• _DATASET EXCERPT_:
--- START ---
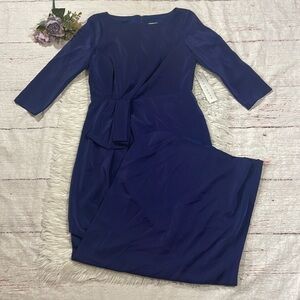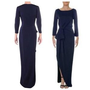 Kay Unger navy blue colored Ryder ruched detail 3/4 sleeve gown dress. This dress is new with tags
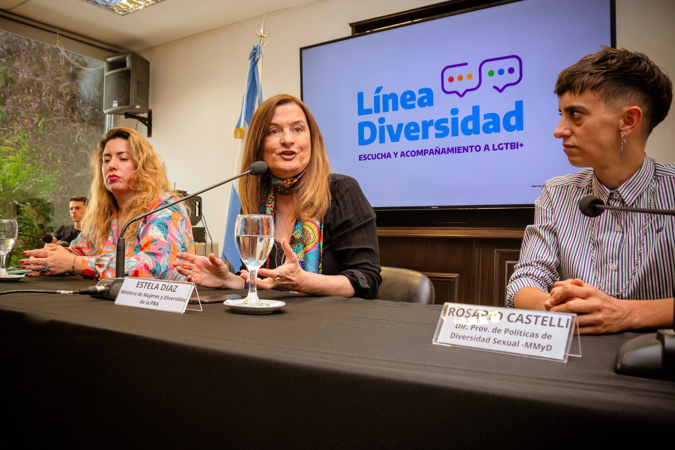 La ministra de Mujeres y Diversidad de la provincia de Buenos Aires Estela Díaz, junto a la subsecretaria de políticas de Género y Diversidad Sexual Lucía Portos y la directora provincial de Diversidad Sexual Rosario Castelli, presentaron la “Línea Diversidad” en el Anexo de la Honorable Cámara de Diputadas y Diputados bonaerense, una política para brindar apoyo, contención y asesoramiento a LGTBI+, instituciones y organizaciones de la Provincia.
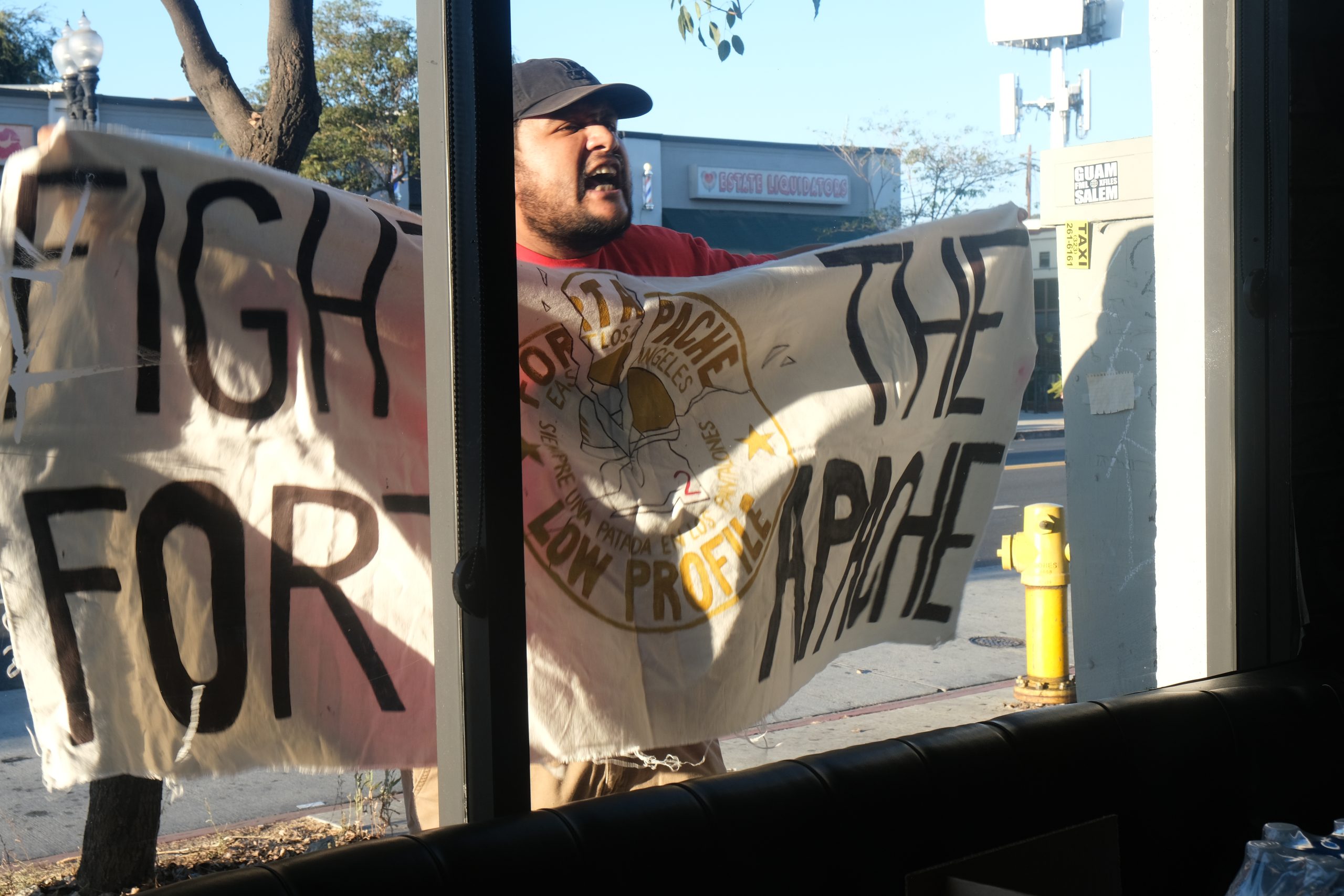 As the event got started, Gabriel Quiroz of the social justice group Centro CSO, approached Hochman and unfurled a banner that read, “Fight The Fort Apache,” referring to a logo of a riot helmet atop a boot that the Sheriff’s East L.A. station has used.
--- END ---
• _EXERCISE GOAL_: When you restate the listing above, give each line word for word but leave out every image.

• _ANSWER TO THIS PROBLEM_:
 Kay Unger navy blue colored Ryder ruched detail 3/4 sleeve gown dress. This dress is new with tags
 La ministra de Mujeres y Diversidad de la provincia de Buenos Aires Estela Díaz, junto a la subsecretaria de políticas de Género y Diversidad Sexual Lucía Portos y la directora provincial de Diversidad Sexual Rosario Castelli, presentaron la “Línea Diversidad” en el Anexo de la Honorable Cámara de Diputadas y Diputados bonaerense, una política para brindar apoyo, contención y asesoramiento a LGTBI+, instituciones y organizaciones de la Provincia.
 As the event got started, Gabriel Quiroz of the social justice group Centro CSO, approached Hochman and unfurled a banner that read, “Fight The Fort Apache,” referring to a logo of a riot helmet atop a boot that the Sheriff’s East L.A. station has used.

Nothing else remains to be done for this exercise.